Your grandson is in for a somewhat stressful time, in any case. Two-year-olds often have difficulty adjusting to the birth of a sibling because they are still so dependent on their parents, even though they would like to think otherwise. (By age three, many are involved in more out-of-home activities, they're more able to express themselves verbally, and more able to really help in the care of their new siblings.) One response to the stress of becoming an older brother is to want to be more babyish again--for example, to sleep in a crib again. So, the push to grow up fast may be particularly hard at this time.
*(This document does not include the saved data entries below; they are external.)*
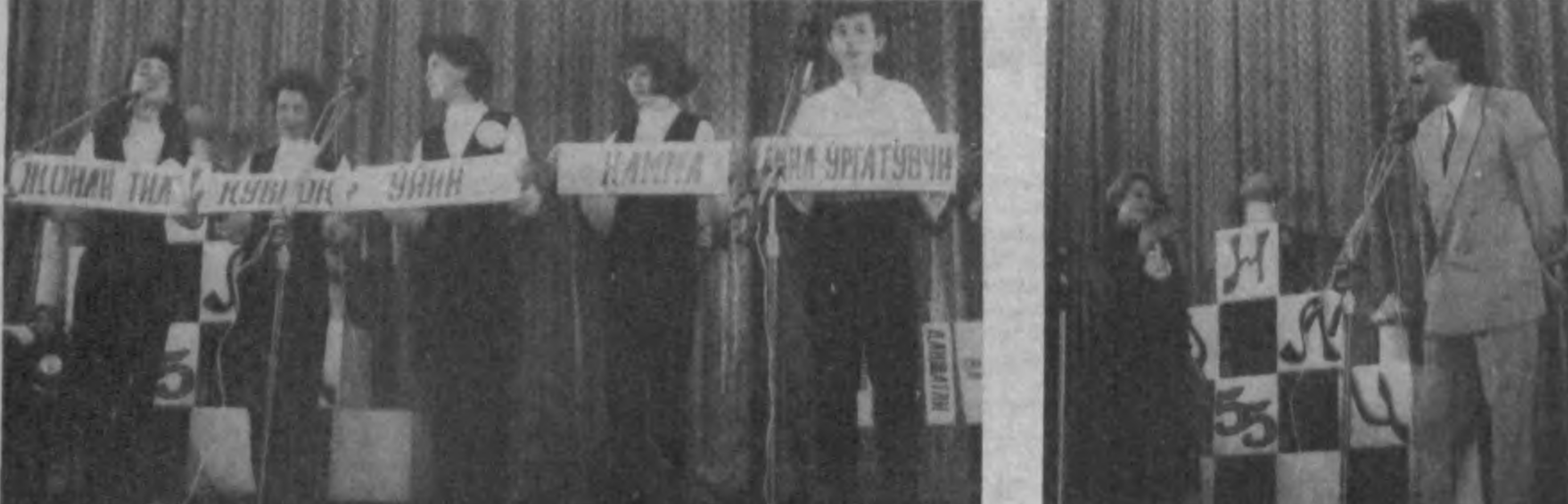
Мы живем в Узбекистане
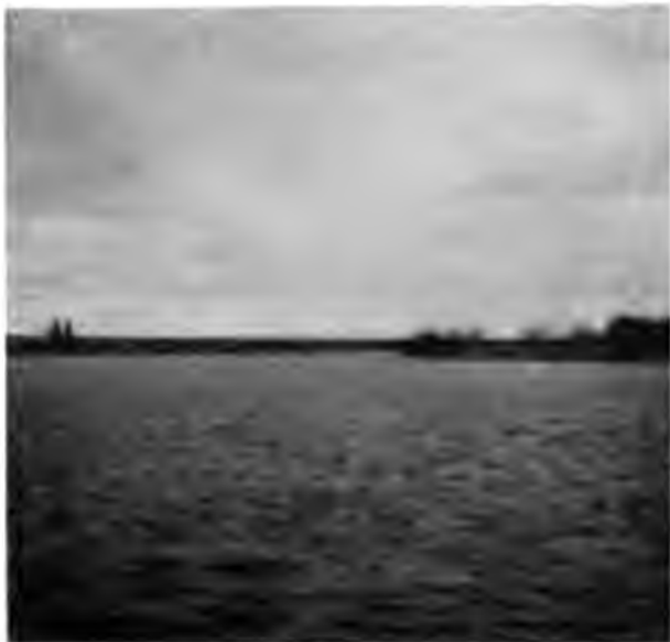
Впаденіе Нившеры въ Вишеру

Такимъ образомъ доходимъ до села Богородскаго, не доѣзжая котораго съ версту, въ Вишеру впадаетъ Нившера; Богородское очень большое село съ приземистыми, въ безпорядкѣ разбросанными многочисленными домами, длинными улицами и закоулками между ними, съ земскою почтой и волостнымъ правленіемъ. Тутъ была устроена тор-
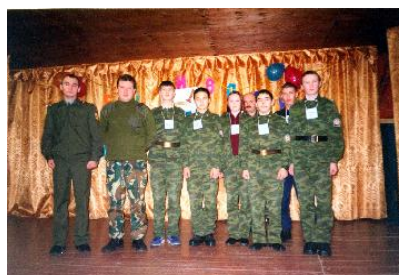
Встреча с участниками локальной Чеченской войны
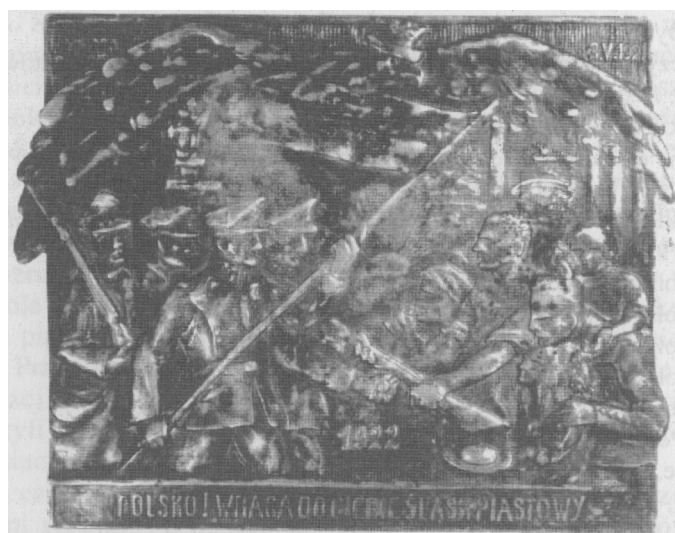
Emblemat Górnego Śląska powracającego do Polski, 1922 r.

In your grandson's case, I think the easiest response is also a good one: give the crib back. The new baby will probably start off in a cradle. If he's ready for a crib before his older brother is ready to give it up, you can rent, borrow, or (if necessary) buy a second crib. When the two-year-old is ready for a big bed, he'll let his parents know and the transition then will be a smooth one.

The parents' guilt is understandable, but not necessary. Was trying to rush your grandson into a big bed a mistake? Sure, I suppose. Parents (being human) make mistakes all the time! Will it have long-term negative effects? I doubt it. Children are tough. Given love and understanding they can (and do!) weather lots of parental mistakes and come out just fine.

— by Robert Needlman, M.D., F.A.A.P.